Dataset items =
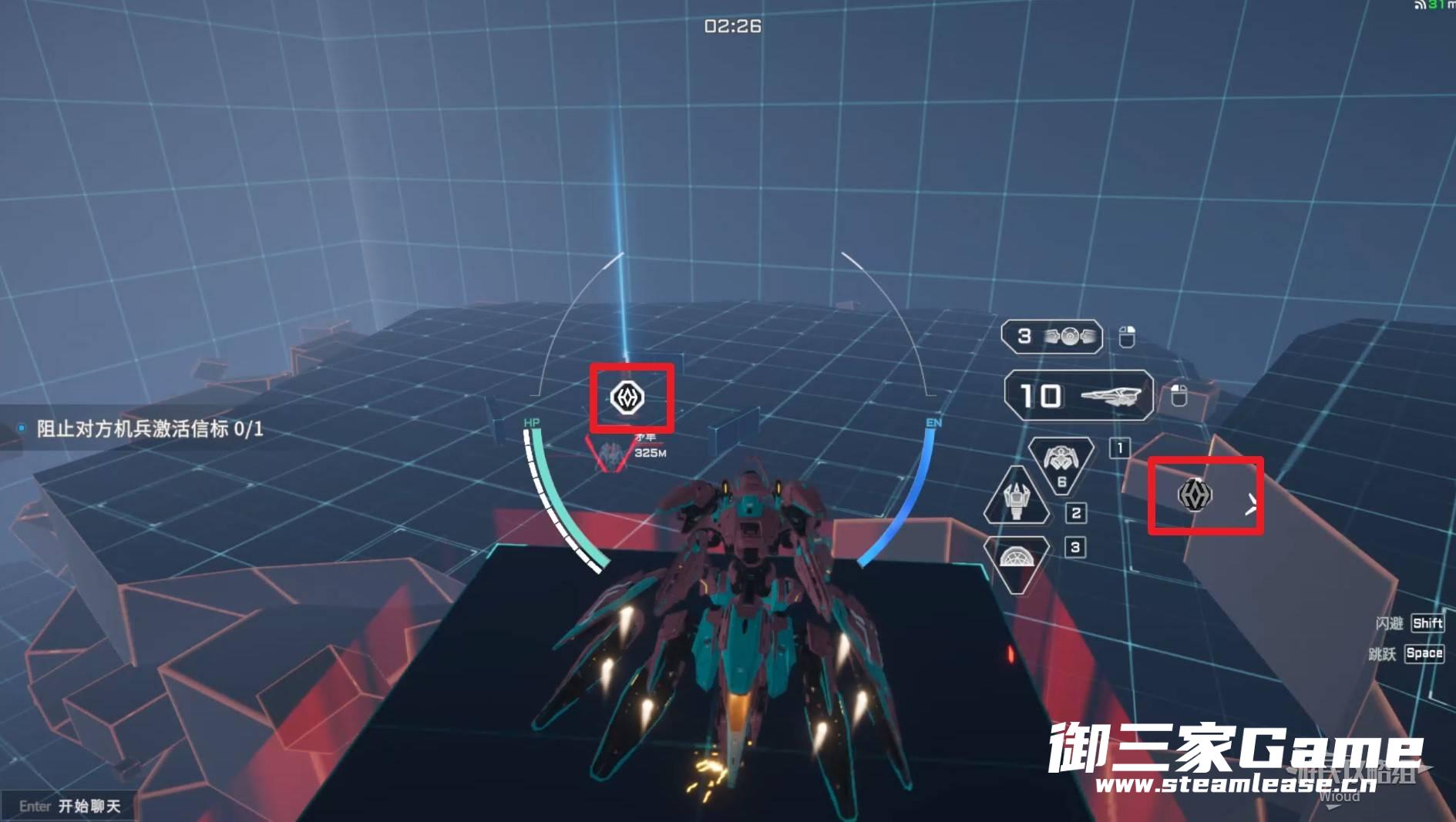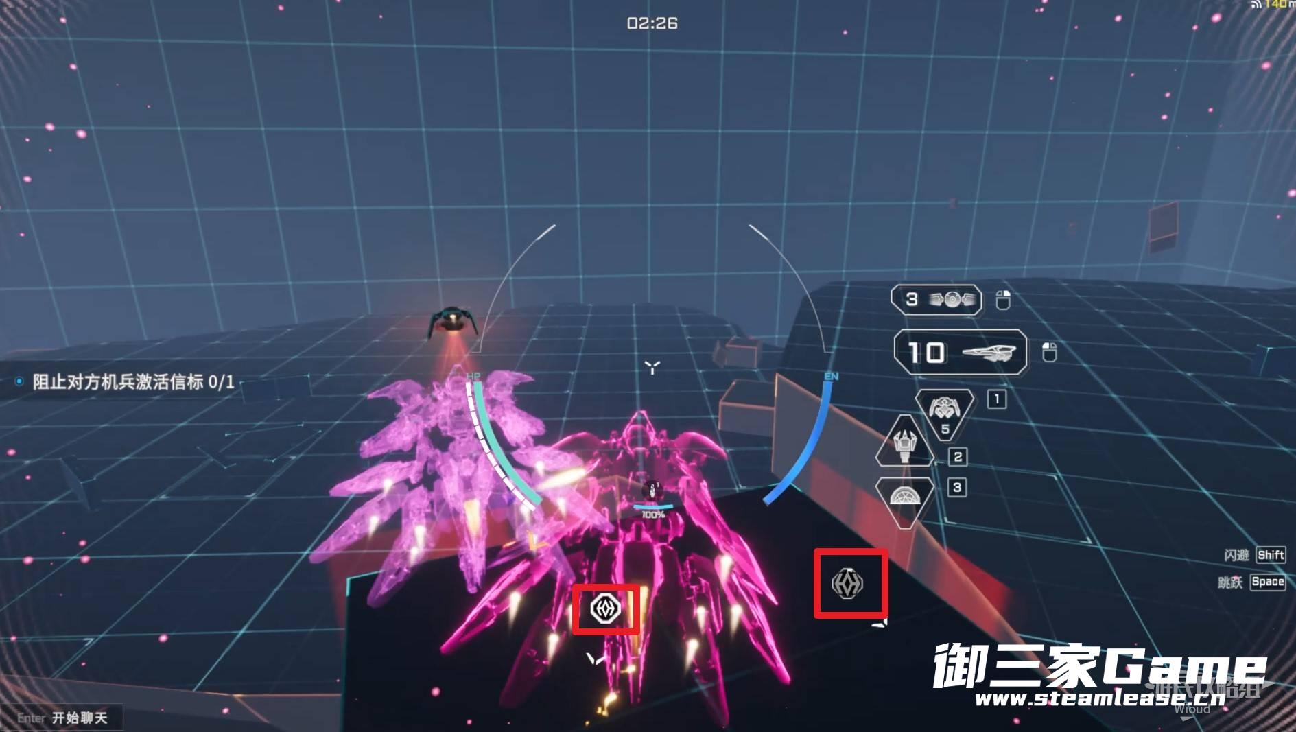 目标是在2分30秒内防止敌人激活信标,开局可以看到有两个图标提示,白色高亮的为已经出现在场地的信标方向,暗色为即将刷新到场地的信标方向。
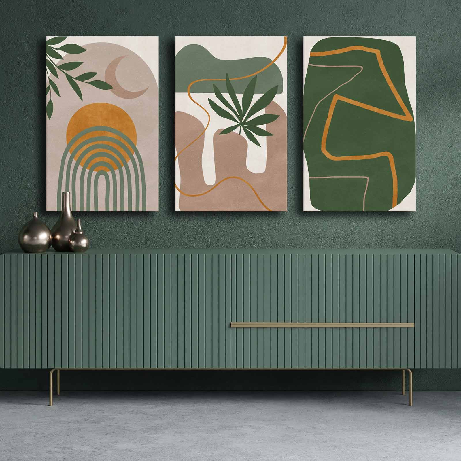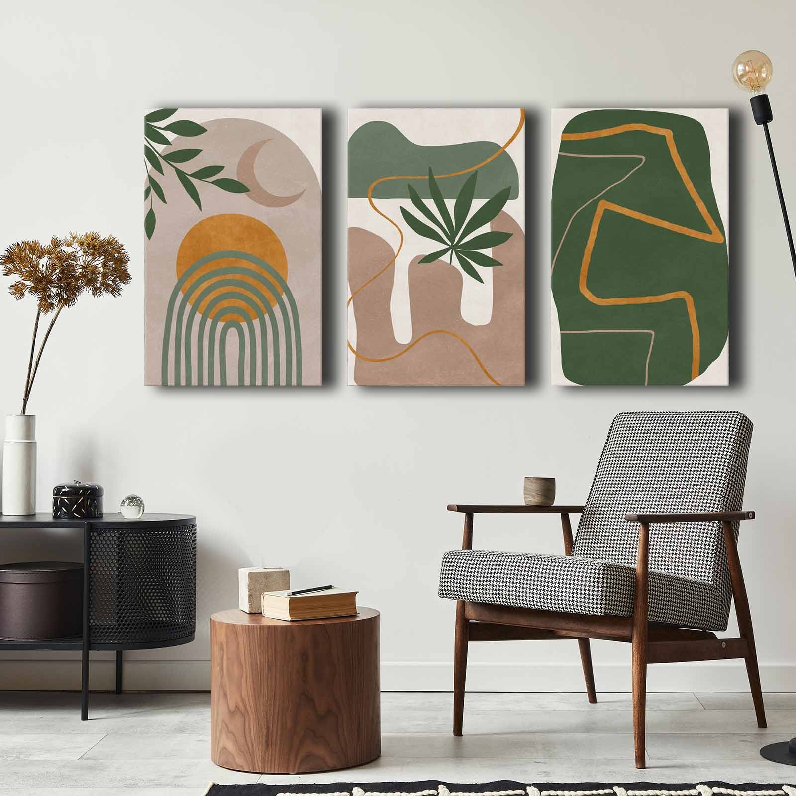 3 PIECE MOON, SUN AND LEAVES MODERN CANVAS PAINTING
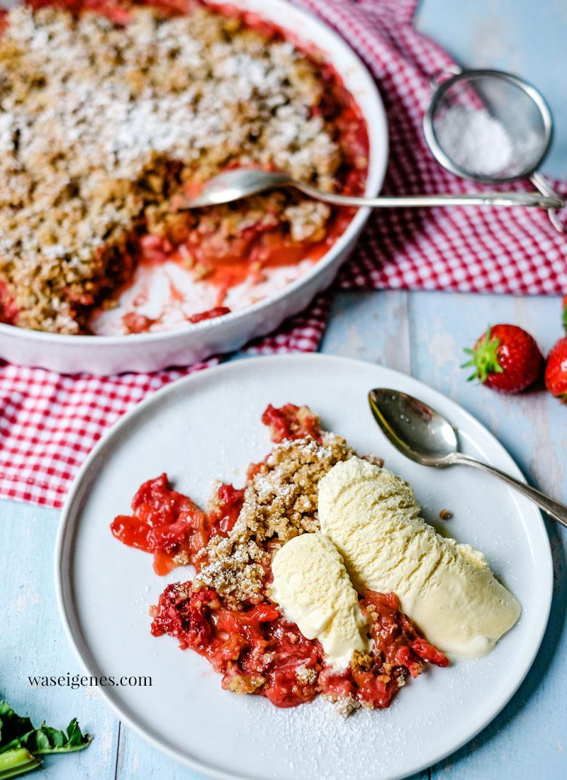Die Rhabarber-Saison habe ich hier in den letzten Wochen vollumfänglich durchexerziert. Es wird Zeit, dass mehr Erdbeeren ins Spiel kommen. ;-) Den Anfang machte ja letzten Samstag bereits der Erdbeerkuchen mit Biskuitboden und Vanillepudding. Bei diesem heutigen Rezept hier, habe ich Erdbeeren und Rhabarber kombiniert und einen köstlichen, süß-sauren Erdbeer-Rhabarber-Crumble mit Haferflocken-Streusel gemacht und gebacken.
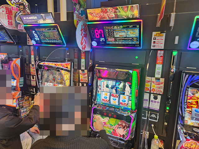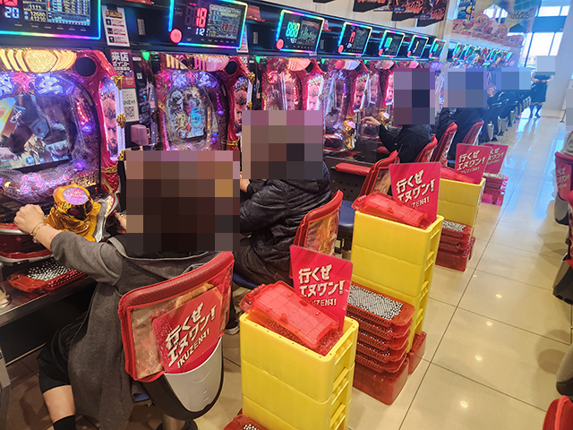取材時のパチンコは、「P北斗の拳 暴凶星」でプレイヤーが活躍をしており、複数台が20,000ptを超えていた。
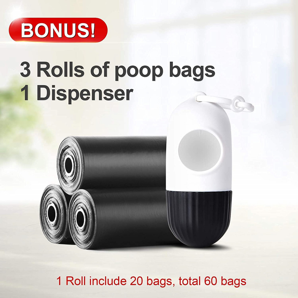 Ușor de utilizat: operare cu o singură mână. Buton de blocare rapidă, pauză și deblocare, ușor de utilizat cu degetul mare pentru a controla butonul. Excelent pentru drumeții, jogging sau alergare cu cainele tau. Detalii: Culoare: albastru Material: plastic Dimensiune: 18,5 x 12 x 3 cm Lungime: 5 m Include si 3 role cu saci menajeri
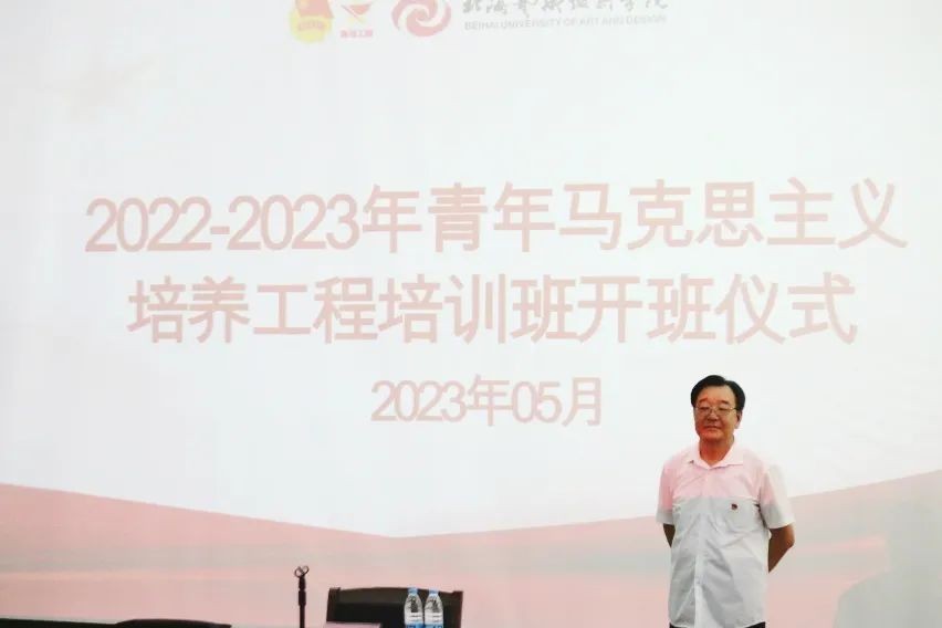 为深入学习宣传贯彻党的二十大精神和习近平总书记关于青年工作的重要论述,用马克思主义的立场观点方法武装头脑、指导实践、推动工作。加强党性修养,筑牢信仰之基、补足精神之钙、把稳思想之舵。培养新时代政治素质坚定、理想信念崇高、实践能力过硬的大学生骨干。5月28日,北海艺术设计学院青马工程培训班开班仪式在伦理楼107举行,参加本次开班仪式的领导有我校马克思主义学院副教授刘兴仁、团委副书记宋慧敏,我校148名青马工程培训班学员参会。

DIRECTIONS FOR THIS TASK = The records, exactly as written but without images, should be returned.

EXERCISE SOLUTION =
 目标是在2分30秒内防止敌人激活信标,开局可以看到有两个图标提示,白色高亮的为已经出现在场地的信标方向,暗色为即将刷新到场地的信标方向。
 3 PIECE MOON, SUN AND LEAVES MODERN CANVAS PAINTING
Die Rhabarber-Saison habe ich hier in den letzten Wochen vollumfänglich durchexerziert. Es wird Zeit, dass mehr Erdbeeren ins Spiel kommen. ;-) Den Anfang machte ja letzten Samstag bereits der Erdbeerkuchen mit Biskuitboden und Vanillepudding. Bei diesem heutigen Rezept hier, habe ich Erdbeeren und Rhabarber kombiniert und einen köstlichen, süß-sauren Erdbeer-Rhabarber-Crumble mit Haferflocken-Streusel gemacht und gebacken.
取材時のパチンコは、「P北斗の拳 暴凶星」でプレイヤーが活躍をしており、複数台が20,000ptを超えていた。
 Ușor de utilizat: operare cu o singură mână. Buton de blocare rapidă, pauză și deblocare, ușor de utilizat cu degetul mare pentru a controla butonul. Excelent pentru drumeții, jogging sau alergare cu cainele tau. Detalii: Culoare: albastru Material: plastic Dimensiune: 18,5 x 12 x 3 cm Lungime: 5 m Include si 3 role cu saci menajeri
 为深入学习宣传贯彻党的二十大精神和习近平总书记关于青年工作的重要论述,用马克思主义的立场观点方法武装头脑、指导实践、推动工作。加强党性修养,筑牢信仰之基、补足精神之钙、把稳思想之舵。培养新时代政治素质坚定、理想信念崇高、实践能力过硬的大学生骨干。5月28日,北海艺术设计学院青马工程培训班开班仪式在伦理楼107举行,参加本次开班仪式的领导有我校马克思主义学院副教授刘兴仁、团委副书记宋慧敏,我校148名青马工程培训班学员参会。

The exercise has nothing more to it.